And so that’s the project we’ve been working on for 10 years is building that machine and [00:11:40] specifically, you know, the way that we reduce risk by investing a little bit later, the way we identify technology, mega trends that are enabling rapid growth and rapid adoption and understanding some of those curves like lithium-ion and crystalline silicon that we can invest behind.
And then all the assessments that we do around those specific opportunities. I think we’ve built a machine that can deliver consistent, best-in-class returns. And if you look at our historical returns, even though we’re later, so you could call us sort of growth stage, I think we describe ourselves as late venture, early growth.
The actual returns we’ve delivered are best-in-class, top quartile of all venture categories. So I think the answer is yes, you can make outsize returns here. But it is very tricky and it requires, I think, a more robust methodology to avoid the pitfalls. I just think there are more pitfalls where you can get into companies that require enormous amounts of capital, or are much further away from commercialization than you might think.
And we’ve managed to avoid those sectors so far. There’s some spaces that get really hot and we’re very tempted, but it doesn’t quite pass our bar and we sort of decide not to invest. And we scrutinize unit economics probably more than anything, and the best capital to fund your business on is gross margin rather than expensive venture dollars.
So anyway, those are some of the tiny examples of things that we think about. I think as more and more investors come into the space, there will be more models that work than just ours. Ours is one that works for a particular risk appetite, but we can still deliver outsized returns.
[00:13:12] Darren Hau: I’d love to double-click on some numbers. If you don’t mind sharing, maybe you can give some benchmarks on what percentage of companies typically fail in [00:13:20] VC writ large. And what is a track record of G2VP?
[00:13:23] Brook Porter: Yeah. I mean, so, you know, I think the typical model is sort of, you have 20% of the companies succeed and 80% of them don’t succeed to some measure. Maybe they don’t all fail. Maybe you recover capital on some of those. But you have at least a third of the fund that sort of goes into things that just basically return $0. We’re kind of inverted. So we would say that 80% of our companies are going to deliver a return of capital or more, and only 20% will maybe not return capital.
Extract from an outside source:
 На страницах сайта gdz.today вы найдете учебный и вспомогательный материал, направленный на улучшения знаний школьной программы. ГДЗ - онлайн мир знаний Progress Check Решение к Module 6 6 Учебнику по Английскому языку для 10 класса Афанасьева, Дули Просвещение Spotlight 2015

So it’s actually pretty rare that we have any failures, any zeros. We invest a little later stage. So we may have more in the sort of 2x-5x as a kind of a range, but then we also have a handful of those, you know, 20 to 40% that’ll break out. And so it’s a little bit different of a distribution, but ultimately, you know, we get to the same kind of venture returns just with lower risk and lower failure rate.
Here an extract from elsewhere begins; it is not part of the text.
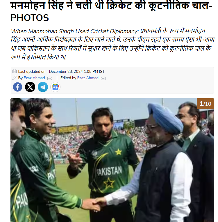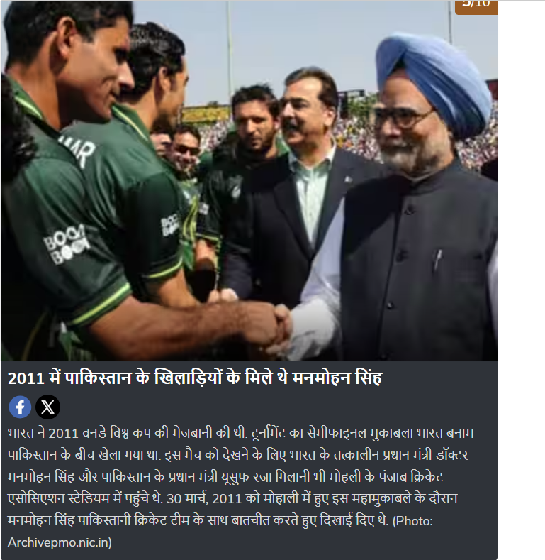 वायरल दावे की सच्चाई जानने के लिए हमने तस्वीर को गूगल लेंस की मदद से रिवर्स इमेज सर्च किया। हमें यह तस्वीर इंडिया डॉट कॉम की 28 दिसंबर 2024 की एक गैलरी में मिली। यहाँ कैप्शन में लिखा था, “2011 आईसीसी विश्व कप के दौरान डॉक्टर मनमोहन सिंह मोहाली के पंजाब क्रिकेट एसोसिएशन स्टेडियम में भारत-पाक विश्व कप सेमीफाइनल के दौरान पाकिस्तानी क्रिकेट टीम के साथ।”

[00:14:18] Darren Hau: It’s really interesting to hear about that portfolio construction. And speaking of which, what industries do you find interesting today?
[00:14:25] Brook Porter: Yeah, it’s sort of hard, cause I don’t necessarily think like, oh, transportation’s hot, let’s go invest in transportation. I mean, we’ve kind of mapped out a whole bunch of industries and we know a whole bunch of problems.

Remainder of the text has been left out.